A, Phase precession snapshot for one place field in the novel arm on day 1. Shown is the position-phase response after the animal spent 20 seconds in the novel arm. The colorbar (arbitrary units) represents the likelihood of spiking. The full evolution of this neuron’s firing across day 1 is shown in the Supplementary Video. B, Mean phase precession strength across all identified place fields within the first three minutes that the animal spend in the novel arm on day 1 (red), day 2 (green), and day 3 (blue), and in the familiar arm (black). The errorbars indicated standard errors. Only within-day planned comparisons were performed (rank-sum test, day 1: p = 0.014, day 2 and 3: p > 0.72).

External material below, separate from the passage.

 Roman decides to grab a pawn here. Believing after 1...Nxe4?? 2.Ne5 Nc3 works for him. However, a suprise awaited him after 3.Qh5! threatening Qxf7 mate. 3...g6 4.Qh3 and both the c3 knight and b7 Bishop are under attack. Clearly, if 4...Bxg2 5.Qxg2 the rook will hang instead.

Figure 7. Sequence compression in novel arm cell pairs was not more reliable

A, Schematic firing rate maps of three cells with overlapping place fields. Colored areas indicated elevated firing rate. Each cell shows phase precession that facilitates compression of behavioral sequences to spike sequences within one theta cycle. B, The theta-time scale separation between a pairs’ spiking is determined from the location of the highest peak in the cross-correlogram within ±100 ms (CCG peak, indicated by arrow). C: Sequence compression for familiar arm cell pairs (all days combined, n = 64). D-F, Sequence compression for novel arm cell pairs on D, day 1 (n = 78), E, day 2 (n = 18) and F, day 3 (n =4 0). The SCI was significantly lower in the novel arm than in the familiar arm on day 1 (z-test, p = 0.003) and day 2 (p = 0.001), but not on day 3 (p = 0.70).

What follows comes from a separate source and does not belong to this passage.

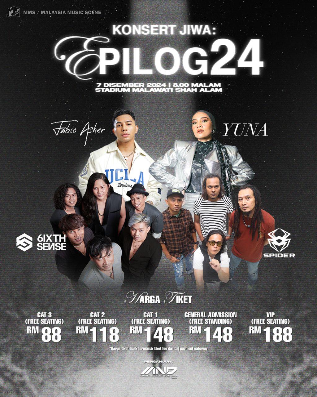 Konsert Jiwa: Epilog 2024 kali ini akan membariskan penyanyi dari Indonesia Fabio Asher yang terkenal dengan lagu Rumah Singgah. Manakala Kumpulan Spider dan 6ixth Sense juga akan muncul pada konsert yang akan berlangsung pada 7 Disember ini mulai jam 8 malam.
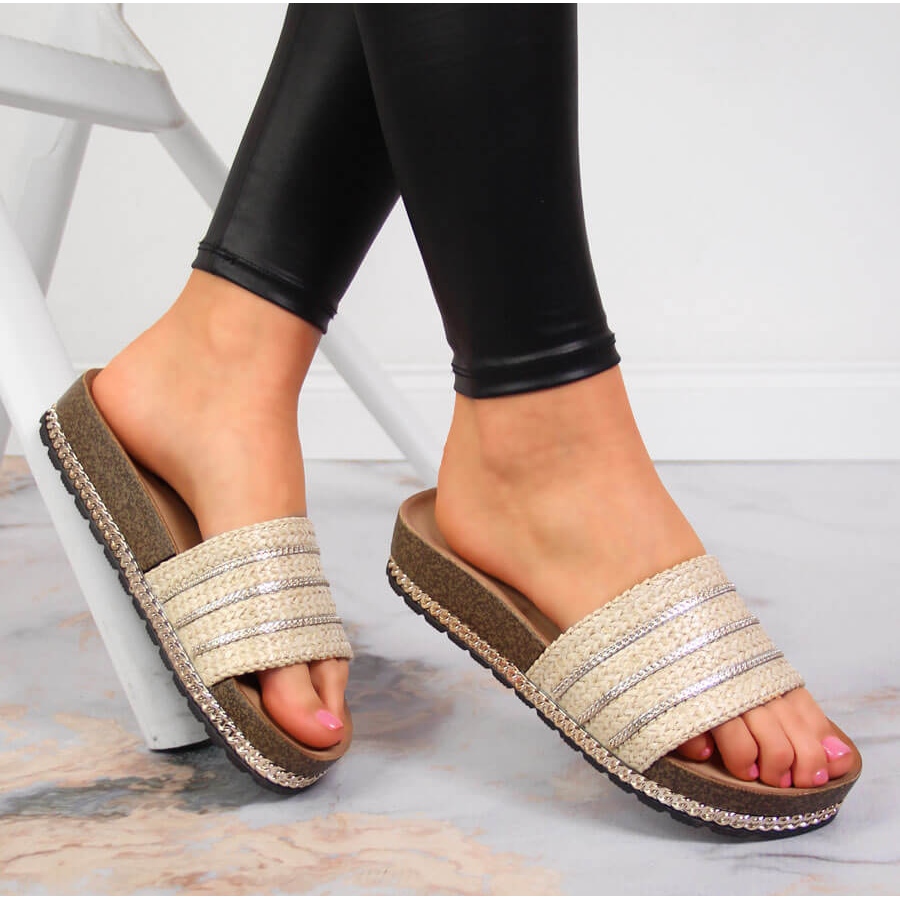 S.Barski S.Barski Beige Damenhausschuhe mit Plateau von S. Bararski

Figure 8. Neural representation of the familiar arm remained stable

Unlike elsewhere in this paper red, green, and blue represent familiar arm cells on days 1, 2, and 3, respectively. A, Mean phase precession strength across all identified place fields within the first three minutes that the animal spend in the outer arms of the pre-training configuration (gray) and in the familiar arm of session 2 on days 1—3. The errorbars indicated standard errors. No pairwise comparison shows a significant difference (rank-sum test, p > 0.65) B, The sequence compression index (SCI) in familiar arm cell pairs (Fig. 7C) was not significantly different from SCI in the pre-training maze configuration shown here (n = 179, z-test, p = 0.48). C, Excess correlation in familiar arm cell pairs was not significantly different from excess correlation in the pre-training maze configuration (gray, n = 232) on day 1 (rank-sum, n = 26, p = 0.17) and day 2 (n = 18; p = 0.78). On day 3 the difference is significant (n = 42, p = 0.041) at the 0.05-level, however, the difference in excess correlation is very small. There were no significant differences between any two individual days (rank-sum, pairwise comparisons, p > 0.22).